Journal Article Summary ER

Brown, S., Ball, E. L., Perrin, K., Asha, S. E., Braithwaite, I., Egerton-Warburton, D., Jones, P. G., Keijzers, G., Kinnear, F. B., Kwan, B., Lam, K. V., Lee, Y., Nowitz, M., Read, C. A., Simpson, G., Smith, J. A., Summers, Q. A., Weatherall, M., Beasley, R., & PSP Investigators (2020). Conservative versus Interventional Treatment for Spontaneous Pneumothorax. The New England journal of medicine, 382(5), 405–415. https://doi.org/10.1056/NEJMoa1910775

This article is a non inferiority randomized control trial whose aim was to evaluate whether conservative management is as effective as interventional management of a moderate to large primary spontaneous pneumothorax. They recruited 316 patients ranging from the age of 14-50 years with a first known spontaneous pneumothorax. These patients were randomly assigned to either a conservative observational approach (162) or a more immediate interventional management (154).
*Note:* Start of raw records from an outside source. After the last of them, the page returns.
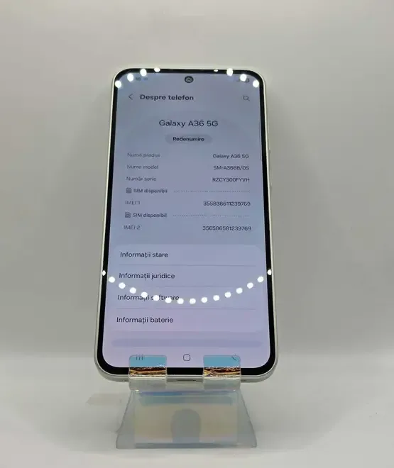 Samsung A36 MEM 128GB RAM 6GB Awesome Lime Amanet Doamna Ghica Cod 85072<br /> <br /> Aspect 9 9/10<br /> Culoare Awesome Lime<br /> Dimensiune ecran 6 7 inch<br /> Tip display Super AMOLED<br /> Rezolutie pixeli 1080 x 2340<br /> Memorie interna 128 GB<br /> Memorie RAM 6 GB<br /> Rezolutie camera principala <br /> 12 MP Ultrawide<br /> 8 MP Ultrawide<br /> 5 MP Macro<br /> 50 MP Wide<br /> Rezolutie camera frontala 12 Mpx<br /> Rezolutie video HD Full HD 4K<br /> Capacitate baterie 5000 mAh<br /> Cod Produs 85072<br /> <br /> Program de lucru Agentie Non-Stop<br /> Nu facem schimburi <br /> Nu trimitem prin curier<br /> Ne puteti gasi la adresa <br /> Doamna Ghica nr 6 bl 3 langa Superbet sector 2 Bucuresti Program Non-Stop<br /> Oferim bon fiscal pentru orice produs achitat
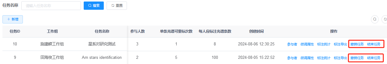 a . 组负责人在工作环境中,进入“首页/工作组/识谱任务布置”菜单。界面会列表显 示当前已布置的所有任务。找到相应的任务,在数据行右侧点击“撤销任务”超链接。
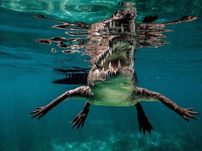 摄影师在古巴女王花园海洋公园抓拍鲨鱼却遭遇水下掠食者——咸水鳄 这条鳄鱼体...
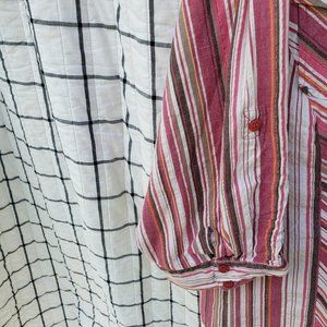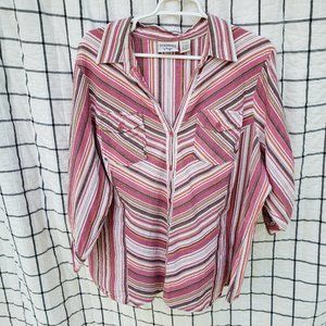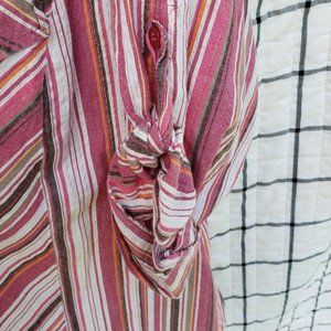 Essentials by Maggie button down shirt - cute chevron/vertical stripes in mauve / brown / thin gold stripe. Size 22/24 Has 3/4 sleeves which can roll up to make shorter. Gauzy like fabric. Wear by itself or with a tee or tank under it! Measures 27 inches wide and 26 inches in length.
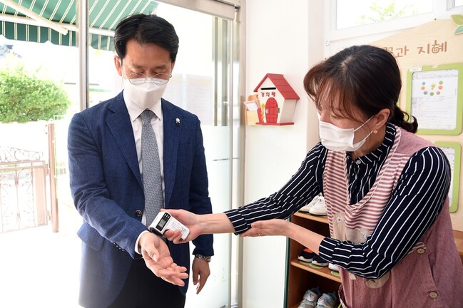 이번 현장방문은 관내 380개소 어린이집의 방역 수칙 준수실태를 확인하고, 감염병이 확산되고 있는 어려운 상황에서도 아동보육에 애쓰며, 코로나19 선제검사 및 백신접종에 적극 협조한 2천900여 명의 보육교직원들을 격려하기 위해 이루어졌다.
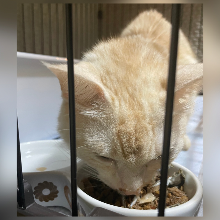 ゲージの中にご飯を入れると、すごい勢いでハグハグカリカリご飯を食べてくれました👏

They were followed for 12 months, with the primary measured outcome of lung reexpansion in 8 weeks. Overall they found that conservative management was noninferior to interventional management, with a lower risk of side effects. About 94.4% of patients had lung re-expansion within 8 weeks, compared to 98.5% of people who received medical intervention.
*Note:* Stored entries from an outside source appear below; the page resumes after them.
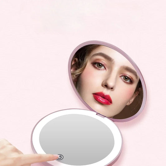 LED Pocket Mirror with 1X/10X Magnification & USB Charging
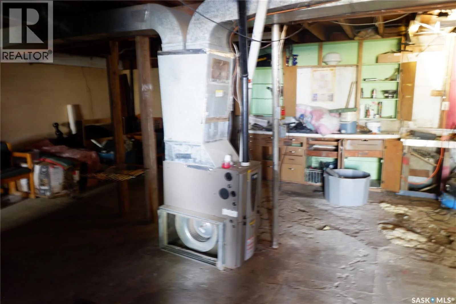 Located in the Town of Mossbank in a great location. Check out this great bungalow with a walk-out basement! There is a side porch used for storage and a front porch great for a boot-room. Enjoy the convenience of main floor laundry or leave it in the basement - your choice! The kitchen has lots of counter space and a spot for a small table. The living room has lots of natural light through the large windows. The two bedrooms are a nice size - lots of room for your furniture. The bathroom has a full tub/shower. The basement is unfinished and has a newer natural gas forced air furnace. There is also a laundry room down there and lots of storage. And the convenience of a walk-out. The unique building in the back is actually an old well. Lots of room to add a garage or a large garden. Check out this awesome property today! Mossbank has lots to offer with the John Deere dealership - bar with great food, accounting office, insurance office with SGI drivers renewal options, a general store, a unity library, a skating rink/curling rink with brand new ice equipment - and lots more! (id:27476)
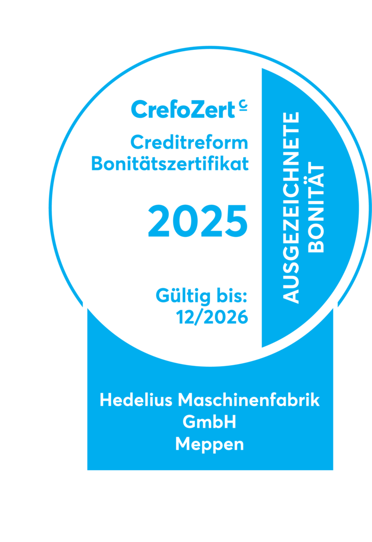 HEDELIUS Maschinenfabrik GmbH in Meppen heeft opnieuw het kredietwaardigheidscertificaat Creditreform CrefoZert ontvangen. Dit certificaat bevestigt opnieuw de uitstekende kredietwaardigheid van het bedrijf. Er wordt nog steeds volledig voldaan aan de strenge eisen voor de verlenging van de CrefoZert.

I chose this article because it was a recently published article that included a moderate number of participants, and addressed a question that one of my patients had. This was a 22 y/o thin male who had developed a spontaneous pneumothorax, and he asked me if the chest tube placement was absolutely necessary. Normally conservative observation is recommended in large PTXs when patients have mild symptoms, with no hemodynamic instability, and can ambulate without effort. However the primary data presented in this article was not without bias, treating physicians were aware of each trial group and could have biased interventional management over observational management. Additionally not all patients returned at 8 weeks for the final radiograph, which was needed to show resolution. Some patients arrived days later. This discrepancy leads to a decreased confidence interval with resolution when examining the conservatice approach. Yet the median time for resolution between both groups was 2 weeks. Overall the researchers spared 85% of patients from invasive intervention, and they have supplied sequential radiographic evidence indicating that conservative observation can have lower risk of serious adverse events or pneumothorax recurrence than interventional management.